BRIEF: Write out each line of the material below once more, exactly as it appears.

TASK DATA:
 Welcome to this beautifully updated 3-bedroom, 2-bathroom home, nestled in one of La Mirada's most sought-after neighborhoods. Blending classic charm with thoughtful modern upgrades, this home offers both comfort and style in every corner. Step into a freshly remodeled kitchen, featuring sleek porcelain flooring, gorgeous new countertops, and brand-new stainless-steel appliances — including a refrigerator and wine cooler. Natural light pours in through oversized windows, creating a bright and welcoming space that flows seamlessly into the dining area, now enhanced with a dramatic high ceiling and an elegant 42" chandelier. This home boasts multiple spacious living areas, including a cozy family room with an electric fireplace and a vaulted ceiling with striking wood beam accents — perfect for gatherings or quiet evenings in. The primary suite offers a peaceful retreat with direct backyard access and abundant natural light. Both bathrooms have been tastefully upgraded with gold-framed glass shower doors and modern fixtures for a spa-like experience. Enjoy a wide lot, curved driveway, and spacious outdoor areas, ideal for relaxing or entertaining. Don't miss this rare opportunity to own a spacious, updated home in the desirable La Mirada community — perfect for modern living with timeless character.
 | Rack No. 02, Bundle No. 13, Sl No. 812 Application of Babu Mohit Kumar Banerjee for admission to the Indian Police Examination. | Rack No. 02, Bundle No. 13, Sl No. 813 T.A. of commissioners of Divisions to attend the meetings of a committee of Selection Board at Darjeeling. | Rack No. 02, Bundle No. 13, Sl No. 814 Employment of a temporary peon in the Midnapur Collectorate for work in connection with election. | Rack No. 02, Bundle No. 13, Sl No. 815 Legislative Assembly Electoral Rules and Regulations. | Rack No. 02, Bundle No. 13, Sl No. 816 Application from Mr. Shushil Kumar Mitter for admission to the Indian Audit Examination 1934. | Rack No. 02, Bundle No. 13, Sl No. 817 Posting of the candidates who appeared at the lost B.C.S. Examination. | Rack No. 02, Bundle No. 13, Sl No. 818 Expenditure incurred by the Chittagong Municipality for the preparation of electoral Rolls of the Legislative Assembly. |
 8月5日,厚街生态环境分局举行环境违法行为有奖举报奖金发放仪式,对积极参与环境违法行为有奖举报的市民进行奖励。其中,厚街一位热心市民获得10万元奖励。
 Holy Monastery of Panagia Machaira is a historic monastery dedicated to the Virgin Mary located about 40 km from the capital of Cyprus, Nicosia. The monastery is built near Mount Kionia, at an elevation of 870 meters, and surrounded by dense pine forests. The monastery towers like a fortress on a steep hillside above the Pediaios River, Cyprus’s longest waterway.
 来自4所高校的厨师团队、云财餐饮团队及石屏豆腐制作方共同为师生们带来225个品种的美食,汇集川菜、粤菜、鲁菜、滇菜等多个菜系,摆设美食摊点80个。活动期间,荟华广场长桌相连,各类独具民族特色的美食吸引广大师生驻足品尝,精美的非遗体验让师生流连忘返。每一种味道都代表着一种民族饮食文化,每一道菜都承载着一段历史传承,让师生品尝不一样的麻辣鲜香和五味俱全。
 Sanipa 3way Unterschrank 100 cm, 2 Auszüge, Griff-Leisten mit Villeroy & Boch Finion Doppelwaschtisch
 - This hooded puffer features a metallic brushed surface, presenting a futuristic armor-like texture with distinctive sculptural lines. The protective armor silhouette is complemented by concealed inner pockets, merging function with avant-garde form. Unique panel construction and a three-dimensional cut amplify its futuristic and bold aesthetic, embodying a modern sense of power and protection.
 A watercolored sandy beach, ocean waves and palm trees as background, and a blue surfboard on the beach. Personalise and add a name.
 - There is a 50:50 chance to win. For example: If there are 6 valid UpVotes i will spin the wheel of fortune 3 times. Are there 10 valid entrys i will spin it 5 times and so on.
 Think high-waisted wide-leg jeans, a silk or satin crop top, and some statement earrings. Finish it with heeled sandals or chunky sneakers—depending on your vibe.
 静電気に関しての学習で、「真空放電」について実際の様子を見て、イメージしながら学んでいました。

COMPLETED TASK:
 Welcome to this beautifully updated 3-bedroom, 2-bathroom home, nestled in one of La Mirada's most sought-after neighborhoods. Blending classic charm with thoughtful modern upgrades, this home offers both comfort and style in every corner. Step into a freshly remodeled kitchen, featuring sleek porcelain flooring, gorgeous new countertops, and brand-new stainless-steel appliances — including a refrigerator and wine cooler. Natural light pours in through oversized windows, creating a bright and welcoming space that flows seamlessly into the dining area, now enhanced with a dramatic high ceiling and an elegant 42" chandelier. This home boasts multiple spacious living areas, including a cozy family room with an electric fireplace and a vaulted ceiling with striking wood beam accents — perfect for gatherings or quiet evenings in. The primary suite offers a peaceful retreat with direct backyard access and abundant natural light. Both bathrooms have been tastefully upgraded with gold-framed glass shower doors and modern fixtures for a spa-like experience. Enjoy a wide lot, curved driveway, and spacious outdoor areas, ideal for relaxing or entertaining. Don't miss this rare opportunity to own a spacious, updated home in the desirable La Mirada community — perfect for modern living with timeless character.
 | Rack No. 02, Bundle No. 13, Sl No. 812 Application of Babu Mohit Kumar Banerjee for admission to the Indian Police Examination. | Rack No. 02, Bundle No. 13, Sl No. 813 T.A. of commissioners of Divisions to attend the meetings of a committee of Selection Board at Darjeeling. | Rack No. 02, Bundle No. 13, Sl No. 814 Employment of a temporary peon in the Midnapur Collectorate for work in connection with election. | Rack No. 02, Bundle No. 13, Sl No. 815 Legislative Assembly Electoral Rules and Regulations. | Rack No. 02, Bundle No. 13, Sl No. 816 Application from Mr. Shushil Kumar Mitter for admission to the Indian Audit Examination 1934. | Rack No. 02, Bundle No. 13, Sl No. 817 Posting of the candidates who appeared at the lost B.C.S. Examination. | Rack No. 02, Bundle No. 13, Sl No. 818 Expenditure incurred by the Chittagong Municipality for the preparation of electoral Rolls of the Legislative Assembly. |
 8月5日,厚街生态环境分局举行环境违法行为有奖举报奖金发放仪式,对积极参与环境违法行为有奖举报的市民进行奖励。其中,厚街一位热心市民获得10万元奖励。
 Holy Monastery of Panagia Machaira is a historic monastery dedicated to the Virgin Mary located about 40 km from the capital of Cyprus, Nicosia. The monastery is built near Mount Kionia, at an elevation of 870 meters, and surrounded by dense pine forests. The monastery towers like a fortress on a steep hillside above the Pediaios River, Cyprus’s longest waterway.
 来自4所高校的厨师团队、云财餐饮团队及石屏豆腐制作方共同为师生们带来225个品种的美食,汇集川菜、粤菜、鲁菜、滇菜等多个菜系,摆设美食摊点80个。活动期间,荟华广场长桌相连,各类独具民族特色的美食吸引广大师生驻足品尝,精美的非遗体验让师生流连忘返。每一种味道都代表着一种民族饮食文化,每一道菜都承载着一段历史传承,让师生品尝不一样的麻辣鲜香和五味俱全。
 Sanipa 3way Unterschrank 100 cm, 2 Auszüge, Griff-Leisten mit Villeroy & Boch Finion Doppelwaschtisch
 - This hooded puffer features a metallic brushed surface, presenting a futuristic armor-like texture with distinctive sculptural lines. The protective armor silhouette is complemented by concealed inner pockets, merging function with avant-garde form. Unique panel construction and a three-dimensional cut amplify its futuristic and bold aesthetic, embodying a modern sense of power and protection.
 A watercolored sandy beach, ocean waves and palm trees as background, and a blue surfboard on the beach. Personalise and add a name.
 - There is a 50:50 chance to win. For example: If there are 6 valid UpVotes i will spin the wheel of fortune 3 times. Are there 10 valid entrys i will spin it 5 times and so on.
 Think high-waisted wide-leg jeans, a silk or satin crop top, and some statement earrings. Finish it with heeled sandals or chunky sneakers—depending on your vibe.
 静電気に関しての学習で、「真空放電」について実際の様子を見て、イメージしながら学んでいました。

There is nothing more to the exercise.